However, in some circumstances, the cost-recovery model could also serve as a disincentive to ministries and agencies to fund their requirements sufficiently. Insufficient funding could, in turn, lead to increased legal risk and be incompatible with the goals of effective legal risk management.

To help avoid this situation, careful planning with the ministry through the service planning process is undertaken on an annual basis. As part of its commitment to that process, it is essential for the ministry to offer high-quality legal services that meet client needs at reasonable rates. Client satisfaction can serve as one measure of how services and service costs are being perceived.

Key Measure 2003/04
Actual/Base
2004/05
Target
2005/06
Target
2006/07
Target
Percentage of clients satisfied that legal services support their ministry objectives 91% ≥ 91% ≥ 91% ≥ 91%

Client satisfaction is measured through surveys of client ministries and agencies, taking into account whether staff have been responsive to the clients, have understood the issues at hand and have provided the required advice. Overall satisfaction measures not only the responsiveness of the ministry to its clients, but whether the legal advice and legal representation provided has supported the clients in their operations.

The ministry's client satisfaction rate of 91 per cent is one of the highest in Canada among government agencies offering similar services.

A complete measurement of success for the provision of legal advice is a long-term measure. Lack of timely legal advice or appropriate representation can manifest themselves years later, when legal problems arise. Client satisfaction cannot take into account a longer term outcome measurement of legal services; rather, it lends a more immediate view of service quality.

Core Business Area:
Legal Services
Objective 1:
Legal services offered at competitive rates

Legal services are provided by in-house counsel and through contracts with outside counsel. In providing its services, the Legal Services Branch is mandated to do so as cost effectively as possible.

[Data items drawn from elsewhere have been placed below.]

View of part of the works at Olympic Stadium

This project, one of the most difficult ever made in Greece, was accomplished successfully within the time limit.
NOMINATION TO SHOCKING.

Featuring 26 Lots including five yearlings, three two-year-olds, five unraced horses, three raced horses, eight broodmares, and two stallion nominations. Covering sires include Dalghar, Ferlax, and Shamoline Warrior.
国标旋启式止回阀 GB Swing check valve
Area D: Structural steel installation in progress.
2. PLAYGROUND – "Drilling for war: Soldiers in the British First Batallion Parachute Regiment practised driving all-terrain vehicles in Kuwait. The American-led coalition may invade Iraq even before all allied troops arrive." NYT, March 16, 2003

At the present time, the Legal Services Branch is at the forefront of government law departments in Canada in its detailed financial analysis of its costs and operations as compared with other jurisdictions. However, while the branch can measure the overall cost of service, it may be difficult to ensure that the data obtained from other jurisdictions has been collected and measured in a way that makes comparison meaningful.

Objective 1
Performance Measure
2003/04
Actual/Base
2004/05
Target
2005/06
Target
2006/07
Target
Cost of legal services provided by the ministry compared with the costs of legal services provided:        
• to other public agencies and to other jurisdictions by their legal service providers Not available Establish base data Establish targets To be developed
• by the private sector Not available Establish base data Establish targets To be developed

The Legal Services Branch assesses the most effective method of acquiring the legal services that government requires. In most cases, in-house counsel, through a combination of depth of knowledge and expertise on public law matters and the operation of government, and competitive costs, offer the highest quality and most cost-effective advice and representation. In situations where services are of a more routine nature and are geographically distributed (such as family law), contracted services are used.

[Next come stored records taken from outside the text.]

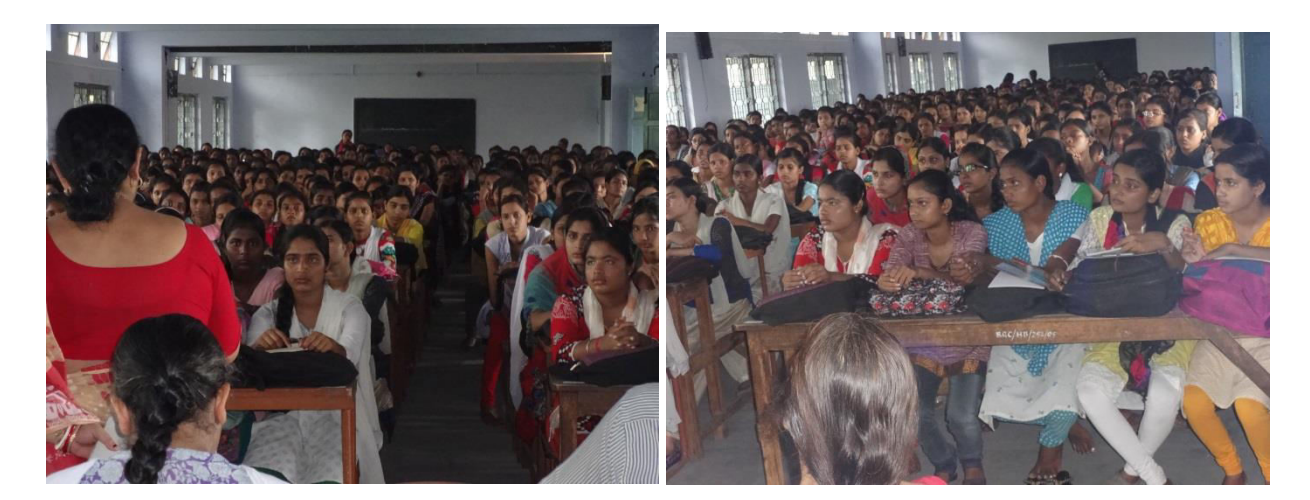
Orientation Programme in progress

At the beginning of each academic session, Orientation programme are organized to make the students aware about the Anti-ragging policies and the existence of the Grievance Redressal Cell in the college.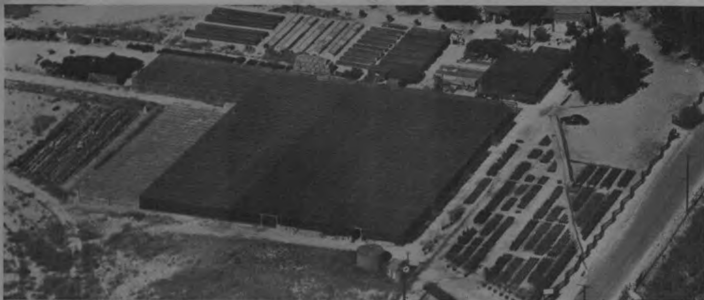
AERIAL VIEW OF NUCCIO'S NURSERIES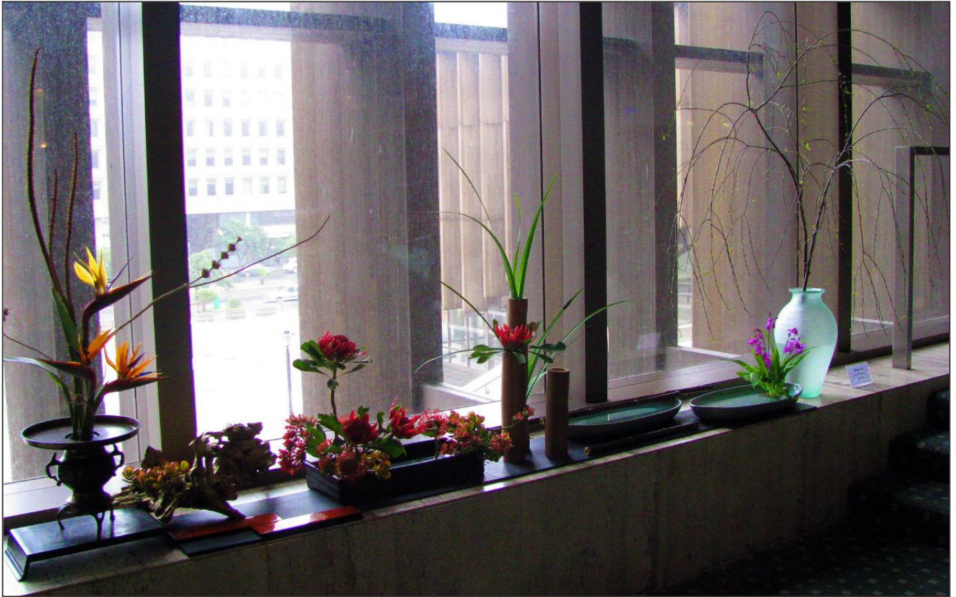
A display at the Artscape theatre complex on 19 th October 2013.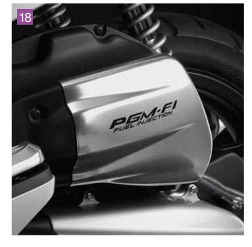
18 Silver Airbox Cover Garnish

A water-resistant and breathable cover that allows the scooter to dry whilst covered, and protects the paintwork from UV rays. Supplied with an anti-flutter rope and two U-Lock holes. It can be used when a Top Box is fitted.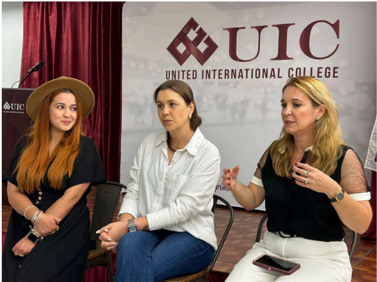
Summer Student Work Art Showcase 2024

Selected courses that participate in this Student Art Showcase are Photography, Drawing, Documentaries, Speaking on Radio, Animation and Entrepreneurial Creativity And Innovation. Students, faculty and local entrepreneurs attend this event to learn about the ongoing learning of UIC students. The Student Art Showcase is organized by the communications and advancement office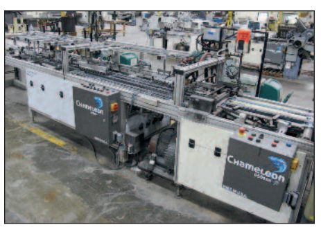
Chameleon Gluer Finishing System Model 650SRS & 800S+

Stahl Air Knife Folder Model VFZ 52.2 S/N 97495-254050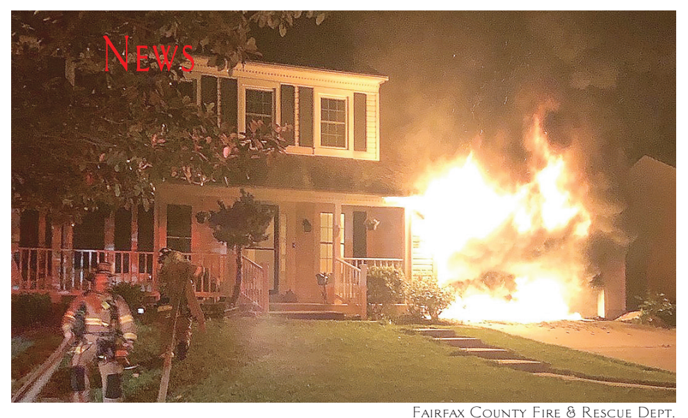
Flames are pouring out of this Franklin Farm garage.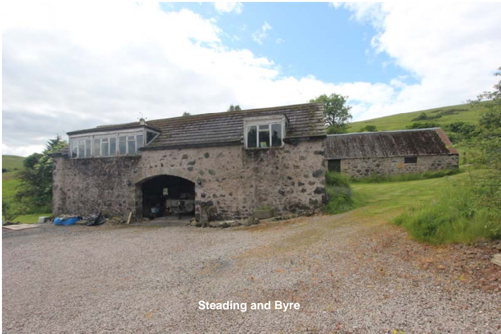
Steading and Byre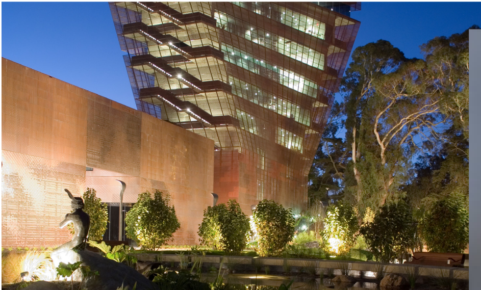
Above: Golden Gate Park and de Young Museum, San Francisco

System solution makes underground parking garage undetectable in urban park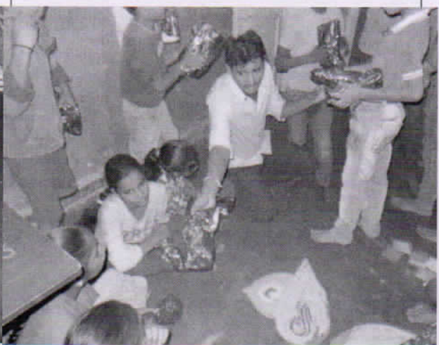
Celebration of Diwali – President distributing small gifts to the children in Free Coaching Centre, Mauricette Child Education Development Foundation

PRESIDENT MAURICETTE CHILD EDUCATION DEVELOPMENT FOUNDATION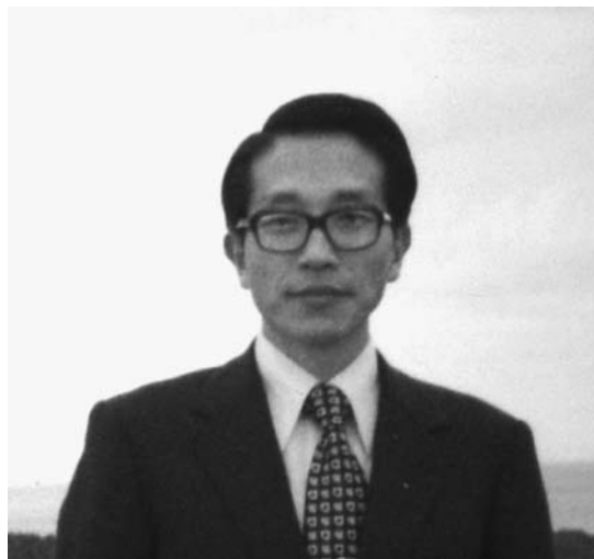
Fig. 1. Akira Endo, the discoverer of the first statin drug in 1976 (27).

By a most remarkable coincidence, a British group at Beecham Laboratories in the United Kingdom, while searching for antibiotics, independently isolated precisely the same compound as Endo's ML-236B from a different but related mold and at almost the same time (35). They named it compactin. However, the Beecham workers were narrowly focused on antibiotics, and in that arena compactin was not particularly effective, so it was dropped from the Beecham program. They did not appreciate until later, after Endo had published on its potency as an HMG-CoA reductase inhibitor, what a treasure they had had in

Situations exist where in-house counsel cannot act. Professional conflicts of interest can arise in public law practices that necessitate the use of services of outside counsel. In some instances, specialized expertise may not exist within the branch, and the requirement for the particular skill or expertise may not be ongoing. In this situation, services will be contracted on a short-term basis.

Retainers of outside counsel for civil law legal services to government are required to be managed by the Legal Services Branch. This allows them to be monitored and the costs and nature of services provided to be considered as part of the assessment of the effectiveness and costs of legal services to government generally.

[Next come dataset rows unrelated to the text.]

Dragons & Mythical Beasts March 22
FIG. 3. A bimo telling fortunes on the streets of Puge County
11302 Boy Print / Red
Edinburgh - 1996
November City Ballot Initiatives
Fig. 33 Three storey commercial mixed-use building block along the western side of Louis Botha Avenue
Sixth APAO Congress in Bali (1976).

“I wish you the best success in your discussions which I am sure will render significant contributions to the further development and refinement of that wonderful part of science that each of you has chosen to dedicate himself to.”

All of these factors are considered in determining competitive rates and in undertaking the following strategies.

Strategies:
1. Continue development of operational model to establish best balance of internal and external service.
2. Continue work on business practices to increase operational efficiencies.
Objective 2:
Legal services that meet the needs of client ministries

Legal Services Branch conducts an annual service level agreement process that includes a joint assessment with the client ministry or agency as to the level of legal services required, and development of a comprehensive agreement that sets out financial commitments, service commitments, and performance measures.

The Legal Services Branch is one of only two government legal services providers in Canada 5 that engages in detailed budgeting and service planning with its clients for full recovery of costs of its services through a process of this nature.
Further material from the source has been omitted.